__DATA TO EXAMINE__.
* * *
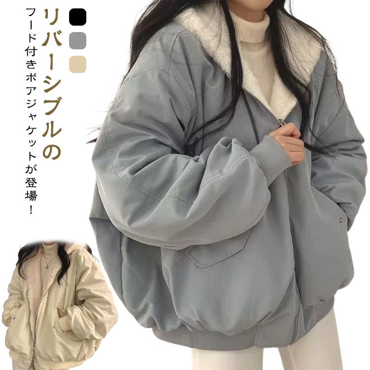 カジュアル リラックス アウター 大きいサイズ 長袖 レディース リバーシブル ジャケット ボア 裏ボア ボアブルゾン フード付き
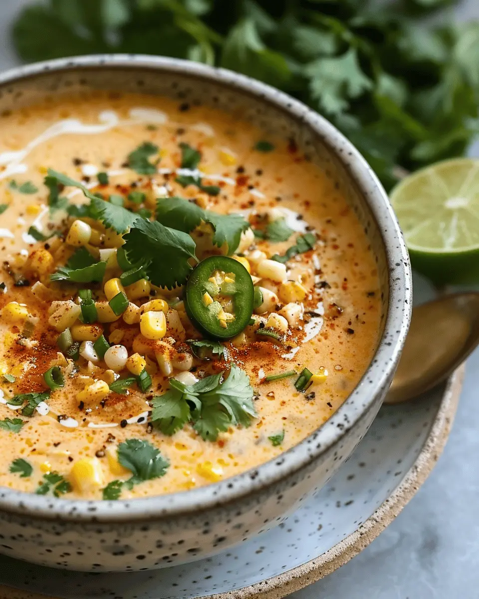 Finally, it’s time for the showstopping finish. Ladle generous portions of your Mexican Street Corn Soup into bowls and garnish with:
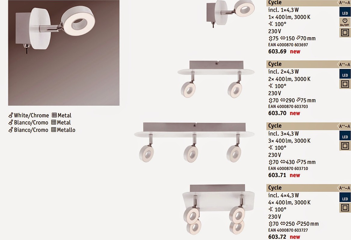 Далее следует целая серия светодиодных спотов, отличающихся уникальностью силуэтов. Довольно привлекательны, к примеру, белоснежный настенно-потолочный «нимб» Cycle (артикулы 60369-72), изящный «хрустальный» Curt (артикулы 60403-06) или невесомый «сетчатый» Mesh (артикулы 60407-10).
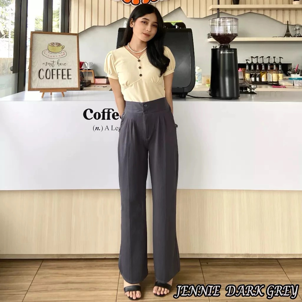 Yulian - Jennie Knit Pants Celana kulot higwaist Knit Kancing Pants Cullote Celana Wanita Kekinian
* * *
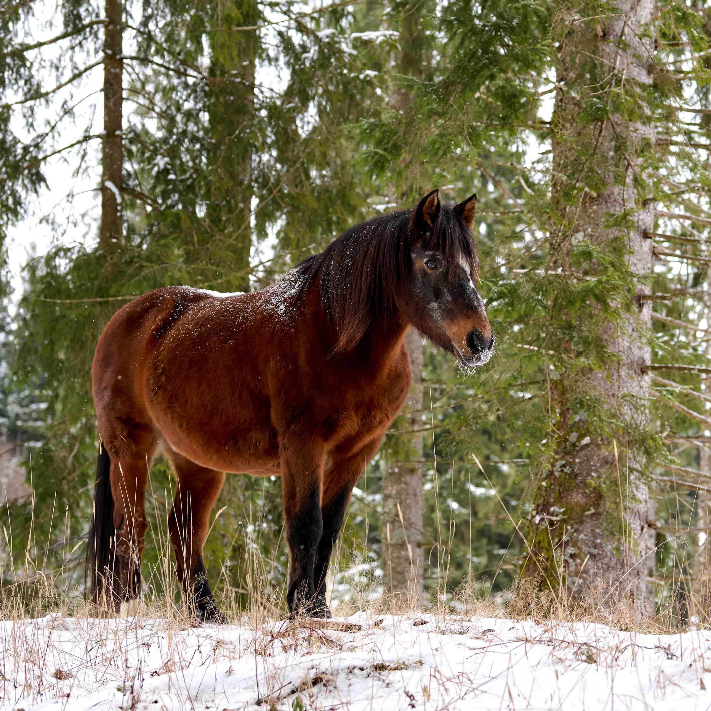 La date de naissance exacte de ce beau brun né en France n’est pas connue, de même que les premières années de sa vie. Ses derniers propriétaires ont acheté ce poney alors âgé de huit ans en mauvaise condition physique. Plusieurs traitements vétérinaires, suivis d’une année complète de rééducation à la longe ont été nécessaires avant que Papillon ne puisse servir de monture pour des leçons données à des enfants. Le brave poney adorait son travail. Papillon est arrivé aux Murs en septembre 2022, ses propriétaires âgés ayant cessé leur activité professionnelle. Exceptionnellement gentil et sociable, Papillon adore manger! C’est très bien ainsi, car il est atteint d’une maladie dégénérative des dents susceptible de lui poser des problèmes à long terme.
* * *
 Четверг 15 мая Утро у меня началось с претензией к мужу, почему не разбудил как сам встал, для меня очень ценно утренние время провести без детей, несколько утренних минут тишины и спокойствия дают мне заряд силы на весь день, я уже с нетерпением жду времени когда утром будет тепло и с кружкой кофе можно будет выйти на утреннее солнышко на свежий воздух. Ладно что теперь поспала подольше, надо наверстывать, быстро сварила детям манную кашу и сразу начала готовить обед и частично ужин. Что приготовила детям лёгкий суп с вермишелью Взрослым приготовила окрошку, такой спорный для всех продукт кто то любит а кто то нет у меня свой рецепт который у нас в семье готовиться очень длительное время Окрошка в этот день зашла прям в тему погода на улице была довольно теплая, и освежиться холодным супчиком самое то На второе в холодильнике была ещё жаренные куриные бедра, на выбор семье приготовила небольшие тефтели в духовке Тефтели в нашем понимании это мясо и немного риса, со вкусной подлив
* * *
__WHAT NEEDS TO BE DONE__. Using the entries above, extract exactly the lines from the one that contains "カジュアル リラックス アウター" through the one that contains "Yulian - Jennie". Do not carry over any pictures.

__ANSWER AREA__.
 カジュアル リラックス アウター 大きいサイズ 長袖 レディース リバーシブル ジャケット ボア 裏ボア ボアブルゾン フード付き
 Finally, it’s time for the showstopping finish. Ladle generous portions of your Mexican Street Corn Soup into bowls and garnish with:
 Далее следует целая серия светодиодных спотов, отличающихся уникальностью силуэтов. Довольно привлекательны, к примеру, белоснежный настенно-потолочный «нимб» Cycle (артикулы 60369-72), изящный «хрустальный» Curt (артикулы 60403-06) или невесомый «сетчатый» Mesh (артикулы 60407-10).
 Yulian - Jennie Knit Pants Celana kulot higwaist Knit Kancing Pants Cullote Celana Wanita Kekinian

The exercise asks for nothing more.